The whole point of voice AI is that the customer calls and the experience is handled. Sending them to a different channel — phone to SMS to mobile browser — breaks that.

  • Drop-off is real. Not every customer completes the link. Some don't see the text. Some don't trust it. Some are driving.

  • It's not a voice experience anymore. You've built a sophisticated AI that handles the conversation naturally, then you drop the customer into a generic checkout page. The brand experience falls apart.

  • The payment link routes through one PSP. If the platform generates Stripe links, every restaurant pays Stripe fees — even if the restaurant already has a Worldpay or Square merchant account with better rates.

The SMS fallback is the most common approach because it's the easiest to build. But it's a compromise, not a solution.

Pattern 2: POS-Routed Payment

How it works: The AI takes the order and pushes it directly to the restaurant's POS system (Toast, Square, Clover). Payment is handled at the POS — the customer pays when they pick up, or the POS charges a card on file.

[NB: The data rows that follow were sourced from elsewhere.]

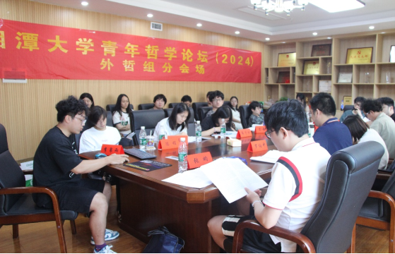 随后,本科生组、马哲组、中哲组、外哲组、科哲与逻辑与宗教学组在各个分会场展开分组讨论。由李锋锋主任主持的本科生组评议在碧泉书院办公楼东506进行,评议老师为湘潭大学董英东教授、文玉林博士。由廖加林教授主持的马哲组评议在碧泉书院办公楼北302进行,评议老师为湖南科技大学陈玉林教授、湘潭大学夏小凤博士。由张晚林教授主持的中哲组评议在碧泉书院办公楼北317进行,评议老师为中南大学谭忠诚副教授、湖南师范大学邹啸宇副教授。由罗伯中教授主持的外哲组评议在碧泉书院办公楼北318进行,评议老师为安徽大学左稀副教授、湘潭大学赵培楠博士。由姚从军教授主持的科哲、逻辑、宗教学组评议在碧泉书院办公楼北511进行,评议老师为湖南科技大学颜中军教授、湘潭大学周丰堇副教授。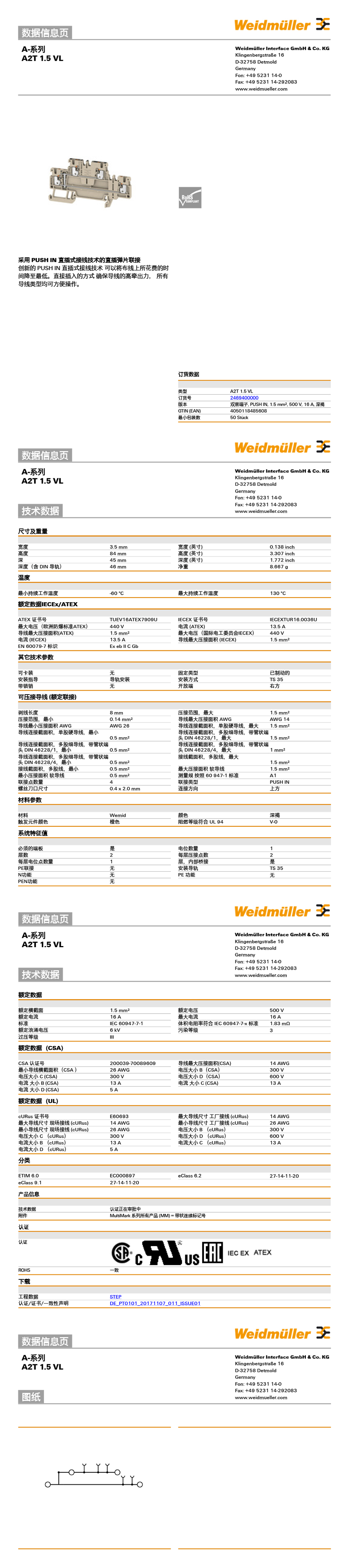 Weidmuller/魏德米勒 A直插式直通型接线端子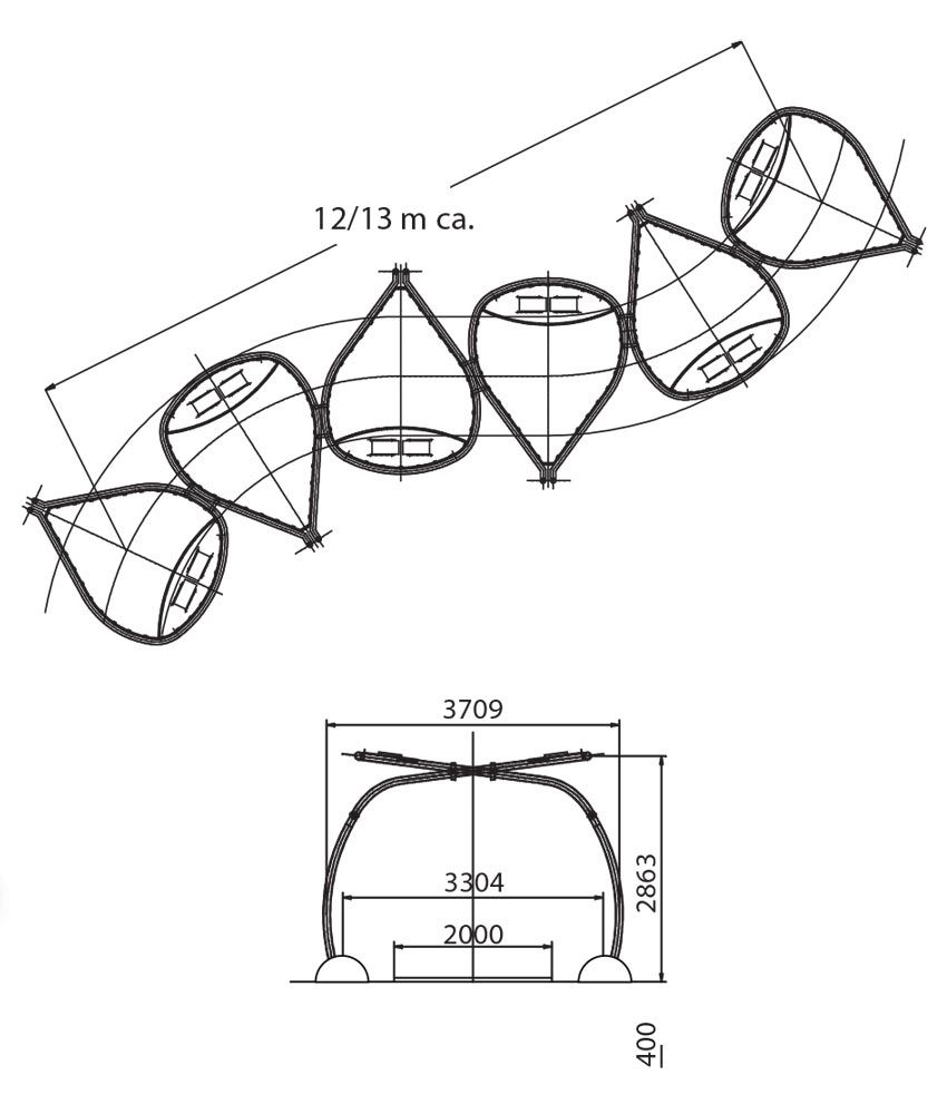 Entrata al parco con stimolazioni sonore e ottiche al passaggio. Completano la struttura petali ombreggianti dove sono posizionati i pannelli fotovoltaici.

Who does this: ConverseNow, Kea, Tarro.

Why it's broken:

  • No prepayment guarantee. If the customer doesn't pay until pickup, there's no commitment. No-shows cost restaurants money. Prepaid orders have significantly higher completion rates.

  • Only works with supported POS systems. Each POS integration is a separate engineering project. Toast's API is different from Square's is different from Clover's. The voice AI platform has to build and maintain each one. Supporting 5 POS systems means 5 integration codebases.

  • The POS controls the payment. Toast processes through Toast Payments. Square processes through Square. The voice AI platform has no control over fees, has no visibility into payment data, and can't offer payment as a feature.

  • Franchise fragmentation. A franchise with 200 locations might have 3 different POS systems across its estate. The voice AI platform needs to support all of them — and each POS routes to its own bundled processor.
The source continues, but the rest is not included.